The actors give all, but unfortunately, the characters are simple TV archetypes: sassy single moms, wise grandmothers and warmhearted housekeepers. Oddly, the "character" that holds the most intrigue is a silver candelabra named "Nathan." But even the effective point Angelou makes with Nathan lacks a skilled director’s touch. Its secret is explicitly explained several times; a more talented director would have let the audience make the connection.

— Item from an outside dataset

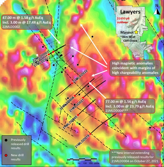 - Drill hole 22MLDD002 intersected 47.00 m of 1.03 g/t Au and 44.32 g/t Ag or 1.58 g/t AuEq including 3.00 m of 12.10 g/t Au and 430.08 g/t Ag or 17.48 g/t AuEq, providing an additional high-priority zone for follow-up ~300 m northwest of 21MLDD004. See Table 1 for additional results from the Marmot zone.

The larger tale is intriguing, a contemporary reversal of the poor rural black migration to the northern industrial cities that marked the early and mid-twentieth century. The fantasy now says: abandon urban public housing and welfare dependence, and return to one’s roots in a bucolic Mississippi, where birds sing, children frolic, neighbors are kind and fried chicken is abundant. (Really. A critical plot point.) Is this a valid fantasy for today? Times are tough on Chicago’s Southside, but backwater Mississippi isn’t exactly Eden either. Is such a return to the pastoral possible or even ultimately that desirable? Fertile narrative ground for examining tricky, yet valuable, class, socio-economic and historical issues is left untilled.
Now that TV unspools appalling-crime-of-the-week movies and revels in the disintegrating families of The Jerry Springer Show, the slack in heartwarming sentimental family films has been picked up by this studio movie. Down in the Delta is a simple and gently-told story, but it feels dated, like those earnest tackling-a-social-problem "very special presentations the whole family will want to watch" Hallmark Theater movies of the 1970s. Such a film is not unpleasant nor unwelcome (there’s something to be said these days for a positive message movie the whole family can indeed sit through) but it’s not very realistic or provocative.
Rated PG-13 for some shouting. No profanity, nudity or violence.